=== Section Start ===

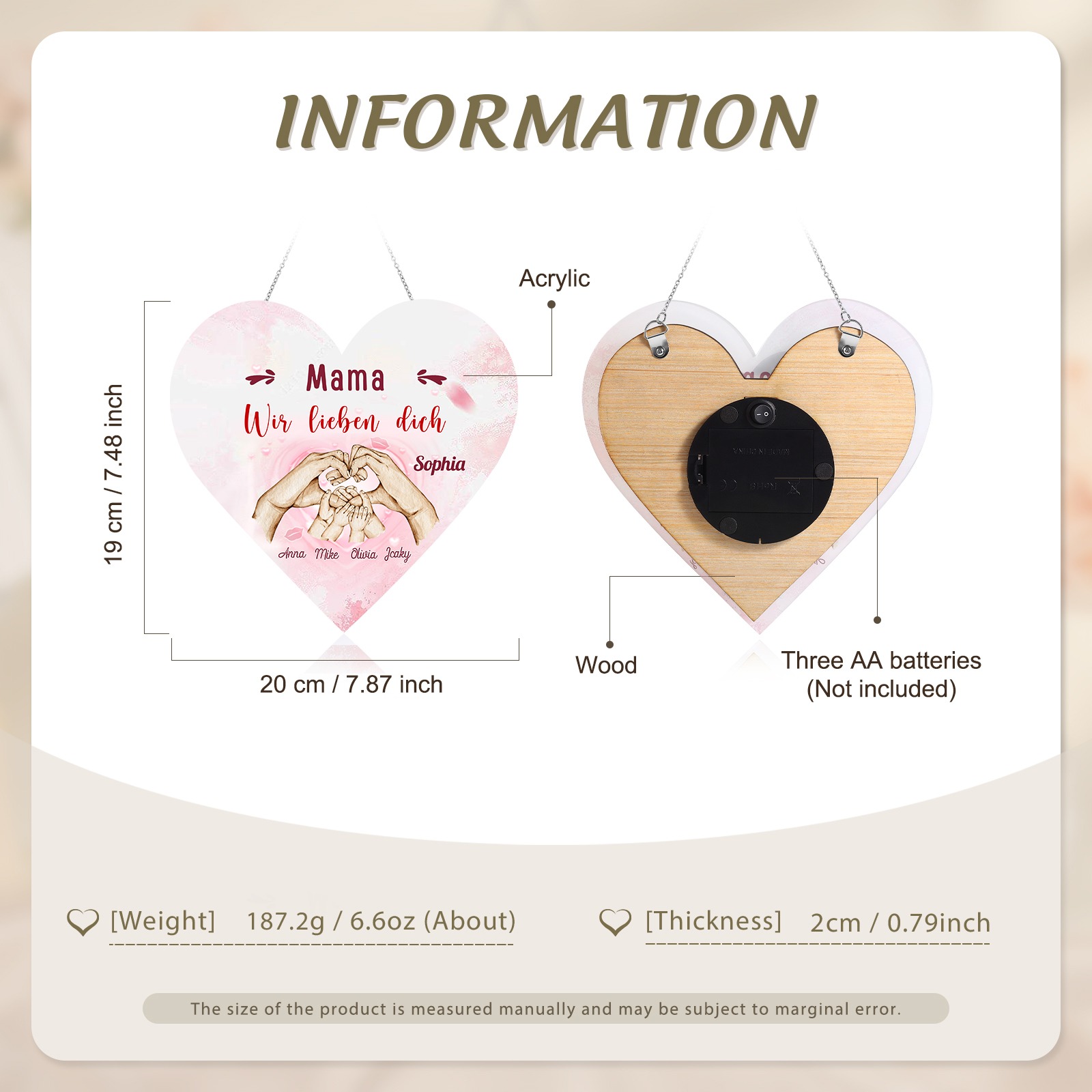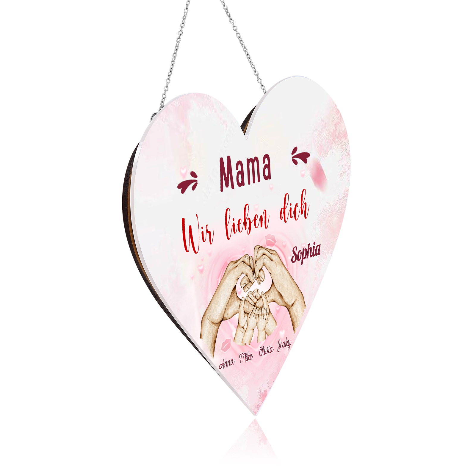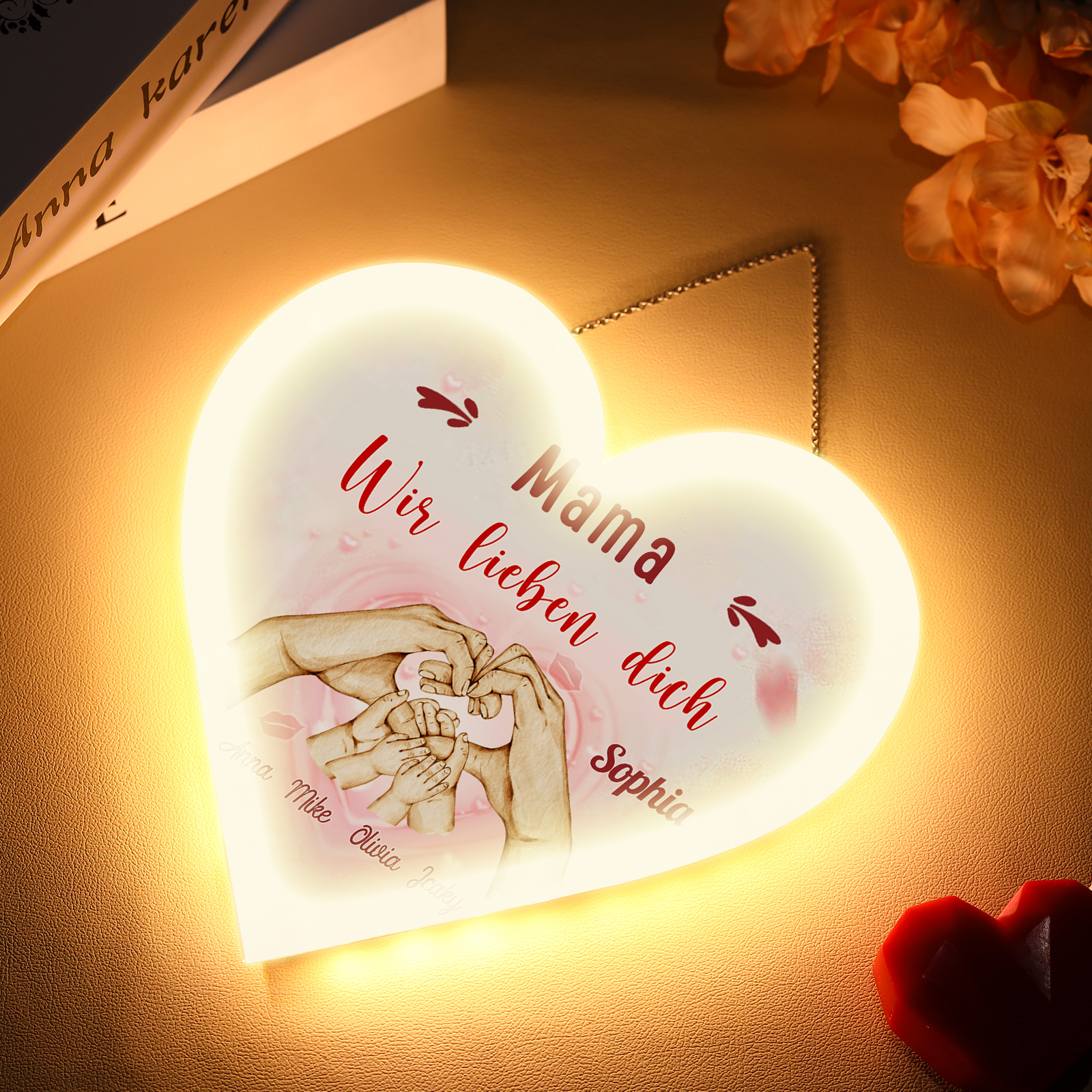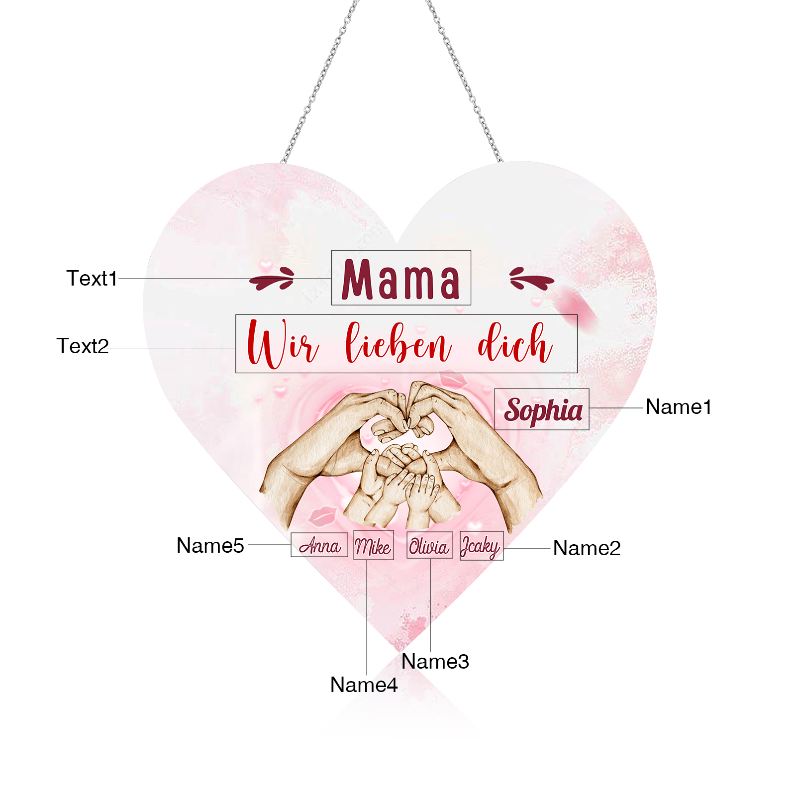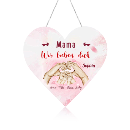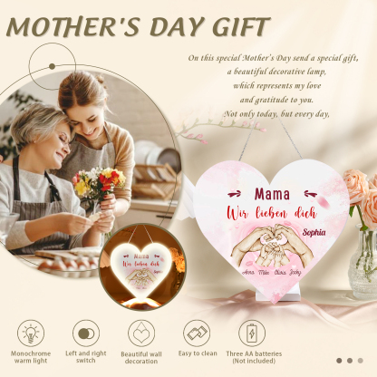 Personalisierte 5 Namen & 2 Texte Familie Hand in Hand Herz Ornament Licht Acryl Hängender Wandlampe Geschenk für Mutter
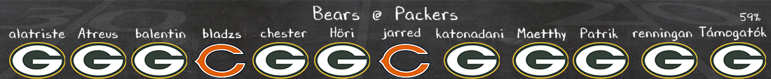 A Macik támadósora csodás játékkal széjjel futotta a regnáló bajnok elvileg top 10-es védelmét, ilyen futójátékkal el is tudták velünk feledtetni, hogy amúgy a passzjáték borzasztó volt. És általában is igaz, hogy Caleb Williams nem segíti a csapatát győzelemhez – de ami fontos, egy ideje nem is feltétlen hátráltatja. Pechükre egy remek védelemmel találkoznak most; hiába a top5-ös szintre javult támadófal, a Packers front 7 nagyon erős futás ellen, és Parsons vezetésével passzsiettetésben is kiválóak, így nem valószínű, hogy most majd ugyanúgy tud dominálni a futójáték, mint egy hete. Így fel kellene lépnie a passzjátéknak, de itt meg akkor előjönnek Williams limitáltságai. Ha nem tud most sem szintet ugrani a fiatal QB (vagy nem kapitulál teljesen a Packers D), és ha Love nem dobál interceptionöket (amikből amúgy kivételesen sokat gyűjt a Chicago védelem), akkor azért jelentősebb esélyekkel lép majd pályára a hazai Sajtos csapat, mint a vendég Medvés alakulat. És újra egy olyan meccs, ahol van értelme a rájátszás százalékokra tekinteni: Packers győz 96%, veszít 74%. A Bearsnél ez 92% és 65%. Nagy a tét.
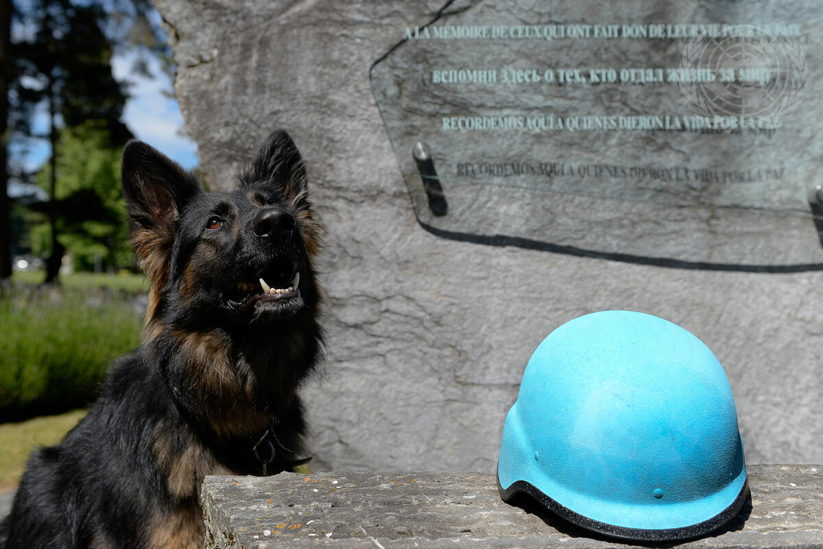 Zana (left), a member of UNOG’s explosives detection canine (K-9) team, during the event.
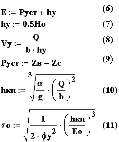 Приведем формулы необходимые для расчета водобойного колодца:
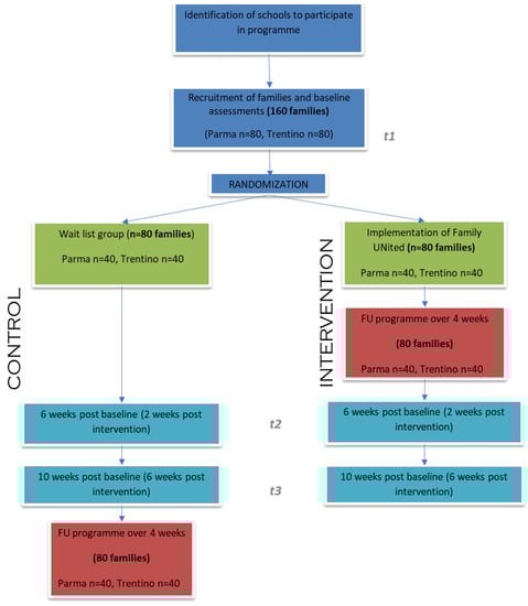 Participants allocated to the waitlist/control group will only receive the questionnaires at the same time as the families in the intervention group. They will not receive any family skills intervention, nor will any contact be made with facilitators before all data have been collected. Only then the waitlist/control families will start the Family UNited training programme, as shown in Figure 2.
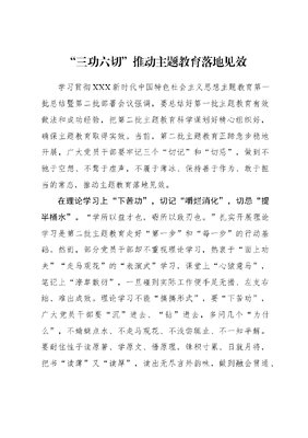 三功六切推动主题教育落地见效学习贯彻XXX新时代中国特色社会主义思想主题教育第一批总结暨第二批部署会议强调,要总结好第一批主题教育有效做法和成功经验,把第二批主题教育科学谋划好精心组织好,确保主题教育取得实效。当前,第二批主题教育正蹄急步稳地开展,广大党员干部要牢记三个切记和切忌,做到不驰于空想、不骛于虚声,不履于薄冰、保持善于作为、敢于担当的常态,推动主题教育落地见效。在理论学习上下苦功,切记嚼烂消化,切忌提半桶水。学所以益才也,砺所以致刃也。扎实开展理论学习是第二批主题教育走好第一步和每一步的行动基础。然而,部分党员干部却不重视理论学习,热衷于面上功夫走马观花的表演式学习,课堂上心猿意马,笔记上潦草敷衍,一旦碰到实际工作便手足无措、左支右绌、难出成效。理论学习不能搞搞形式,要下苦功,广大党员干部要沉进去、钻进去,多问几个为什么,不蜻蜓点水、不走马观花、不浅尝辄止、不一知半解。要耐住性子读原著、学原文、悟原理,铢积寸累、日就月将,把书读薄又读厚,读出无尽言外韵味,做到融会贯通、学有所悟、悟有所得。在调查研究上下实功,切记脱虚向实,切忌做门外汉。知屋漏者在宇下,知政失者在草野。调查研究是我们党的传家宝,是做好各项工作的基本功。然而,现实中不乏一些党员干部不重视群众心声,沉溺于逢场作戏水中望月的作秀式调研,下乡调研坐在车上转、探访民情隔着玻璃看,一旦碰到实际工作便非推即躲、不敢承担、敷衍了事。调查研究不能走走过场,要下实功,多采取四不两直方式开展调研,深入田间地头,用倍镜下剖麻雀蹲下去看蚂蚁的调研态度,找深剖透问题的根与源,进一步整合所掌握材料,多角度、全方位了解调研地情况,理清解题思路、找出适用对策,最终把问题清单转化为成果清单。在检视整改上下硬功,切记求真务实,切忌吃夹生饭。不贵于无过,而贵于能改过。检视整改是党员干部强身治病、掸灰去尘、纠偏补差,保持肌体健康的锐利武器。然而,现实中不乏一些党员干部不愿自我剖析,热衷于纸上作业掩耳盗铃的虚假式整改,问题台账闭门造车,整改措施隔靴搔痒,一旦碰到棘手问题便六神无主、抓耳挠腮、无所作为。检视整改不能翻翻表皮,要下硬功,把准重实践、建新功的要求,着重从思想上找原因,在行动上抓落实,坚持当下改和长久立相结合,以刮骨疗毒壮士断腕的决心和毅力,对发现问题一项一项制定整改措施,能改的要即知即改、立行立改;一时解决不了的要盯住不放、持续整改,争取一次性解决,不留余毒。
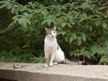 Mouschka was recued as a kitten and she grew up here with us in marocco. She is very friendly and loves to sleep under the blanket with you, she will put her head on the pillow too. When its cold she likes to stay in bed hahaha but otherwise she is enjoiying the outside. She has the dogs under control.
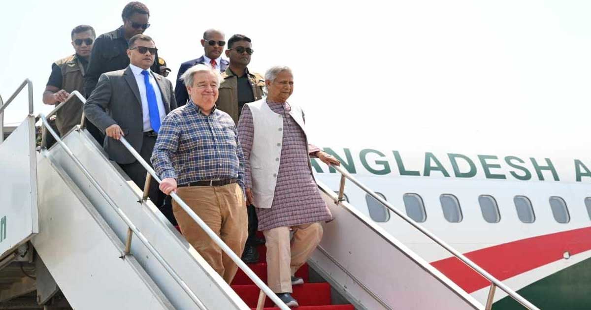 কক্সবাজার জেলা পুলিশের অতিরিক্ত পুলিশ সুপার জসিম উদ্দিন চৌধুরী বলেন, ‘শুক্রবার দুপুর ১টায় কক্সবাজার বিমানবন্দরে এসে পৌঁছেছে প্রধান উপদেষ্টা এবং জাতিসংঘের মহাসচিবকে বহনকারী বিমান।’
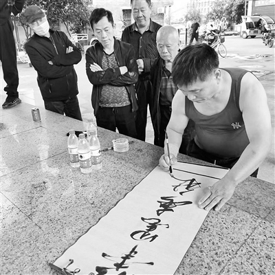 冯忠义告诉笔者,书法和铁掌一样都是刚柔并济,两者相辅相成。以掌劈石时,肩要放松柔软,气血直达指端,才能使掌刀丰厚富有弹力;写书法时,同样需要提气,手腕柔软收笔干脆有力。所以练习铁掌功夫后,他的书法水平跟着水涨船高。

=== Section End ===

▸ **WHAT TO WORK ON**
Please reproduce exactly, and nothing more, the lines from the one containing "কক্সবাজার জেলা পুলিশের" through the last line of the entries, both included; pictures stay out.

▸ **WORKED SOLUTION**
 কক্সবাজার জেলা পুলিশের অতিরিক্ত পুলিশ সুপার জসিম উদ্দিন চৌধুরী বলেন, ‘শুক্রবার দুপুর ১টায় কক্সবাজার বিমানবন্দরে এসে পৌঁছেছে প্রধান উপদেষ্টা এবং জাতিসংঘের মহাসচিবকে বহনকারী বিমান।’
 冯忠义告诉笔者,书法和铁掌一样都是刚柔并济,两者相辅相成。以掌劈石时,肩要放松柔软,气血直达指端,才能使掌刀丰厚富有弹力;写书法时,同样需要提气,手腕柔软收笔干脆有力。所以练习铁掌功夫后,他的书法水平跟着水涨船高。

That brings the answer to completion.